Едва оказавшись на воздухе, мы, а особенно я, как главнокомандующий, ужаснулись открывшейся картиной. Со стороны холмов на нас надвигалась стена огня, растянувшаяся, кажется, на сотни миль. Доррен с криком: «Лучше погибнуть, чем видеть то, что я сотворил!» бросился вперёд, но споткнулся об остатки шатра, под которыми ещё барахтались Хасгир, Геррет и Халед, рухнул на них под гневный вопль Мартина: «Понимаешь, что городишь, чокнутый! Не хочешь смотреть на деяния рук своих, а придётся! Сам виноват, сам теперь и будешь расхлёбывать! Лёгкой смерти захотел! Будешь умирать вместе со всеми, а одного я тебя туда не пущу! Обидно будет, что ты сдох быстро и не мучился, ожидая неминуемого конца! – и он схватил поднявшегося было Доррена за куртку, заставив тем самым снова опуститься.

– Да слезете вы с меня, наконец?! – раздался возмущённый голос Геррета, – я же здесь задохнусь, – да ещё эта лесная дева брыкается, как дикая кошка!

Мартин одним рывком вздёрнул Доррена на ноги, а мы помогли выкарабкаться из‑под полотнища бедному гному, Халед и Хасгир выбрались сами, и Халед мгновенно изъявила желание действовать, но под суровым взглядом Мартина замолчала.

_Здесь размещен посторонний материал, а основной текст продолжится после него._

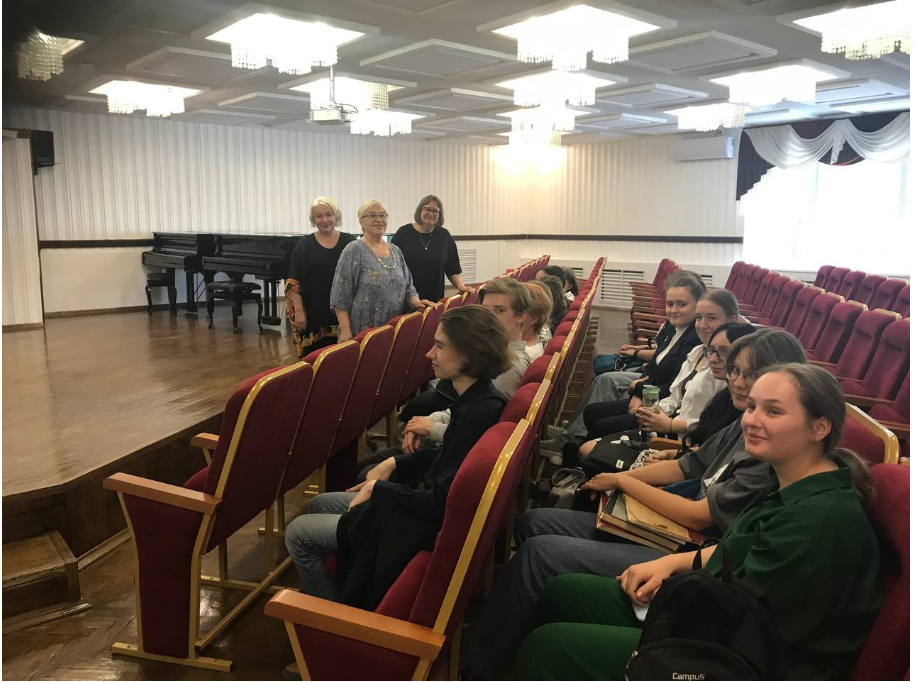 10 сентября в Малом зале ВГИИ преподаватели кафедры камерного ансамбля и концертмейстерского мастерства Е.В.Корсак и М.И.Агибалова провели встречу-беседу со студентами по теме «Организация занятий в классе камерного ансамбля». Были обсуждены актуальные проблемы организации занятий, самостоятельных репетиций, а также этические и психологические аспекты взаимодействия ансамблистов в учебно-творческом процессе

Тогда Мэроп, которому, видимо, был не страшен пламень Оррод, ведь камень, из которого вышли эти исполины имеет ту же мрачную природу, что и багровый разрушающий огонь, решительно направился к неуклонно приближающейся стене, кстати сказать, приближалась она не слишком быстро, видимо Оррод знали, что бежать нам некуда, а против них мы бессильны. Отдышавшийся Геррет тоже вскочил и бросился было за мэреином, но Мартин подставил ему ногу и сопроводил падение ругающегося на всех известных языках гнома следующим высказыванием:

– Везёт мне на умалишённых! От этого огня не спасёт и кольчуга из самой лучшей гномьей стали! – и, сложив ладони рупором, он крикнул вслед мэреину: – И ты, каменная громадина, эй, как там тебя, возвращайся, пока не поздно, в этом пламени и камни плавятся, даже зачарованные!

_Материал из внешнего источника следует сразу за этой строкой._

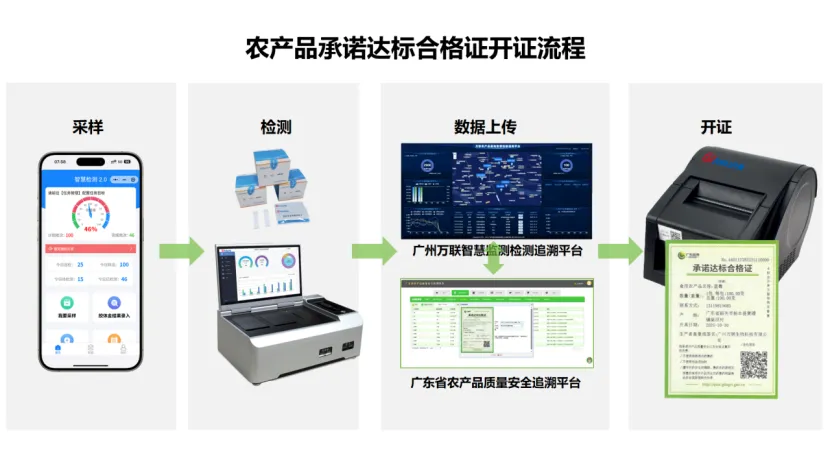 依据《农产品质量安全承诺达标合格证管理办法》(农业农村部令 2025 年第 4 号)要求,智检小站严格贯彻落实相关规定,规范配备专属合格证打印机,以标准化服务为水产养殖质量安全保驾护航。养殖户无需扛样奔波、耗时等待,塘口取样后送至服务点,即可完成快速检测,当场获取结果,实现 “即抽即检即反馈” 的闭环服务。

– Спасибо, теперь хотя бы будем знать, что нас ожидает, – мрачно пробормотал Эдвин.

Но ждать не пришлось.

Откуда‑то вдруг послышался крик, звонкий, почти мальчишеский, и огненная стена вдруг дёрнулась, изогнулась и замерла. Мы обернулись на голос. К нам приближались несколько воинов, кто в до блеска начищенных доспехах, а кто в плащах поверх воинского облачения. И лишь тот, кто был впереди всех, ехал на сером жеребце, остальные же шли пешком, но так легко и быстро, что под их ногами почти не хрустела галька, а редко растущая в этой местности трава не пригибалась. Не только по походке, но и по всему их облику было видно, что это не простые воины: не люди, ни эльфы и ни варрад, а по тому, как они неожиданно появились было ясно, что они…

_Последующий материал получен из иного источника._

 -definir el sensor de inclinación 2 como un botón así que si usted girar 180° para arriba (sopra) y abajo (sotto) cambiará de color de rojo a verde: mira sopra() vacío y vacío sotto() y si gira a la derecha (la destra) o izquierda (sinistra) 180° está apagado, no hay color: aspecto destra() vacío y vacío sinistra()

– Асы! – восхищённо вздохнул Торгрим, – А впереди сам владыка Один на своём восьминогом жеребце Слейпнире, а с ним и другие! О, как я счастлив, что мне довелось увидеть великих богов своими глазами, ведь уже так давно их никому не удавалось встретить из смертных. Теперь и помереть не страшно.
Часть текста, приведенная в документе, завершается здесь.